В некоторой степени... В мозгу его пронеслись белые буквы на черных досках в полутемной комнате недалеко от университета, где стояли серебряные кубки в стеклянных шкафчиках и памятные футбольные мячи с нарисованными на них датами. Потом, продолжая бежать по дороге, он вспомнил еще одну сцену, во время которой он испытывал такое же бодрящее чувство, как сейчас. Ноябрь, оглушительный рев зрителей, дыхание со свистом вырывается из груди; слышатся отрывистые команды полузащитника, похожие на реплики дурного актера. Тупая головная боль. В ногах – словно тонкие натянутые проволочки, пальцы ничего уже не чувствуют. Снова хрип в горле, линия защиты прогнулась, удар! Ветер свистит в лицо, ощущение, что летишь над белой линией ног, которые дергаются, как у марионеток, и, наконец, грязный предмет, который ты хватаешь в воздухе под самой перекладиной... Он снова слышал одуряющий рев, чувствовал, как в груди что-то распахнулось и снова захлопнулось, когда рев достиг такой силы, что вокруг все дрожало, как дрожит и подскакивает крышка на кипящем чайнике. Это было только прошлой осенью, а кажется, что тысячу лет тому назад. И вот теперь он в самой гуще таинственного, еще более значительного приключения, в обществе девушки, само присутствие которой возвращает его в те далекие бурные годы.
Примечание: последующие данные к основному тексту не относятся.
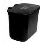
HANGING WASTE BASKET
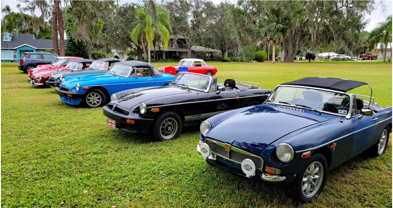
A line of MGBs and newer stretched across the field.
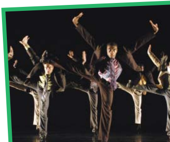
See innovative dance by BalletMet

After hitting the shops, relax with a full-body massage or any number of indulgent treatments at one of the many spas at Easton .
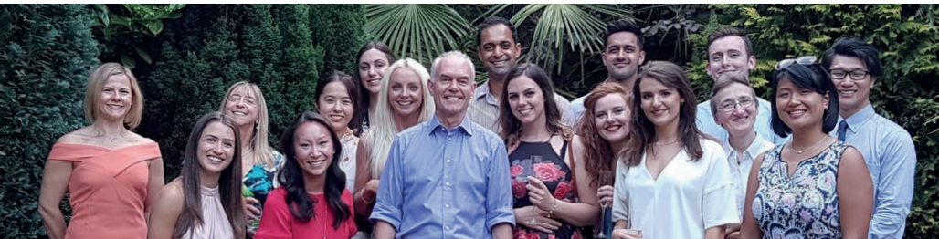
Welcome dinner with Dean - International exchange programme
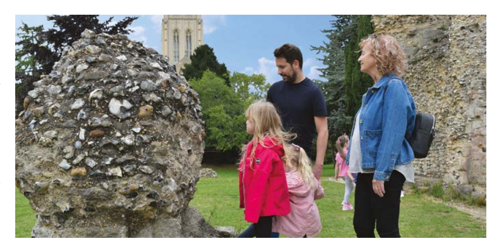
Visitors to the Abbey

The Abbey has a long Christian heritage. We will explain the Rule of St Benedict that governed the Abbey and the ancient traditions of national and international pilgrimage. We will describe the Dissolution of the Abbey by Henry VIII in 1539 and chart the growth of the local Christian Church in Bury St Edmunds in the centuries that followed.
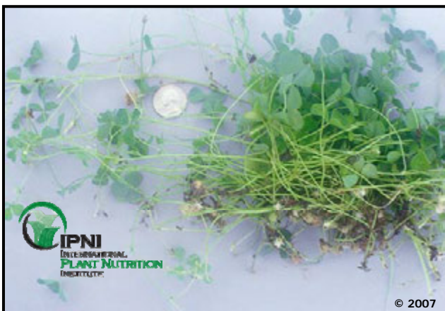
Subterranean Clover ( T. subterraneum )
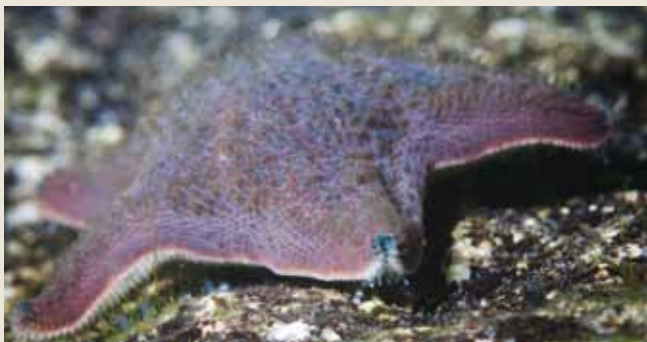
Cushion star ( Patiriella regularis ).

The Department of Conservation manages Te Paepae o Aotea (Volkner Rocks) Marine Reserve. To uphold the values of the marine reserve surveillance and enforcement is undertaken by DOC with the assistance of others. Failure to comply with the Marine Reserves Act, 1971 may result in prosecution.

– В некоторой степени, – повторил он, вдруг глубоко вздохнув.
Они сейчас находились на окраине деревни; мощные деревья осеняли белые витрины лавок, а тротуары были вымощены кирпичом, образующим неровные линии, похожие на строчки в школьной тетрадке малыша. Какая-то женщина остановилась и посмотрела им вслед. Мимо проехал мужчина на велосипеде, глаза его были так прочно защищены очками, что он въехал в тумбу и выругался.
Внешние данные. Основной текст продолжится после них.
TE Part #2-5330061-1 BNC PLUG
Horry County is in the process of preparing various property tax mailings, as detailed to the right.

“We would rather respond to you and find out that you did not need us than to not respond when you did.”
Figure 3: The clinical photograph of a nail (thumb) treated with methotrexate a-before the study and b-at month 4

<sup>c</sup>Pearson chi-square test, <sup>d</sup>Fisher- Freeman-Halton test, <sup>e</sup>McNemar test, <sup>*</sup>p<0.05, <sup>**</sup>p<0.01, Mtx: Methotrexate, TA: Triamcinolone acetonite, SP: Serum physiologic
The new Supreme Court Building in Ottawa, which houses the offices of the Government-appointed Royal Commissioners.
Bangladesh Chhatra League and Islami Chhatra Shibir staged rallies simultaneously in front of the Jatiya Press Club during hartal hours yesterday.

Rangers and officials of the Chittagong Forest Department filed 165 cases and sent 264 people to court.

Дороти прислонилась к стволу дерева, задыхающаяся и раскрасневшаяся, и весело смеялась.
– Хватит, поиграли, – объявила она, бросая на него сияющий взгляд. – Но, Боже мой, это мне здорово помогло.
На смену неистовому возбуждению, которое владело ими неизвестно по какой причине, пришло спокойное удовлетворение, и они вели себя чинно и степенно. Получили свои сигареты, причем хозяин табачной лавки ворчал, что не мог закрыться в обычный час, поскольку ему пришлось их дожидаться, и Рэмпол удовлетворил свое давнишнее желание и приобрел трубку, какие обычно курят церковные сторожа. Живейшее его любопытство вызвала аптека: огромные бутыли, наполненные красной и зеленой жидкостью, разнообразные снадобья, рядами разложенные в витрине, создавали такое впечатление, словно все это принадлежало средневековью. Была там и харчевня под названием «Чрево Монаха», и питейное заведение, вывеска на котором гласила: «Коза и Виноград». Рэмпол не зашел туда только потому, что девушка – по совершенно непонятной причине – отказалась его сопровождать. В общем и целом деревня ему очень понравилась.
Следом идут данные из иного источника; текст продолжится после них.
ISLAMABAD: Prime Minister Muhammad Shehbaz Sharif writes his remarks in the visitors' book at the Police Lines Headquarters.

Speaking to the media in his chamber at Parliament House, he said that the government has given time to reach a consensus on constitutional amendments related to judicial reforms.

– Оказывается, в табачной лавке можно постричься и побриться, – с удивлением констатировал он. – В конце концов, все это не так уж сильно отличается от Америки.
Он чувствовал себя так отлично, что даже мелкие неприятности казались пустяками. Они встретили миссис Теодозию Пейн, которая мрачно шествовала по Хай-стрит, держа под мышкой свою доску для спиритического сеанса. Шляпка на ней была страшнее смерти, челюсти двигались, как у чревовещателя, а говорила она, как сержант. Тем не менее Рэмпол слушал с отменной, поистине честерфилдовской, вежливостью, терпеливо выслушал все, что она сообщила ему о проделках Люциуса, ее «руководителя», рассеянного и капризного представителя потустороннего мира, который скачет по всей доске и выражается простонародным языком. Дороти заметила, что лицо ее спутника краснеет и приобретает опасно напряженное выражение, и поспешила его увести, пока они оба не расхохотались.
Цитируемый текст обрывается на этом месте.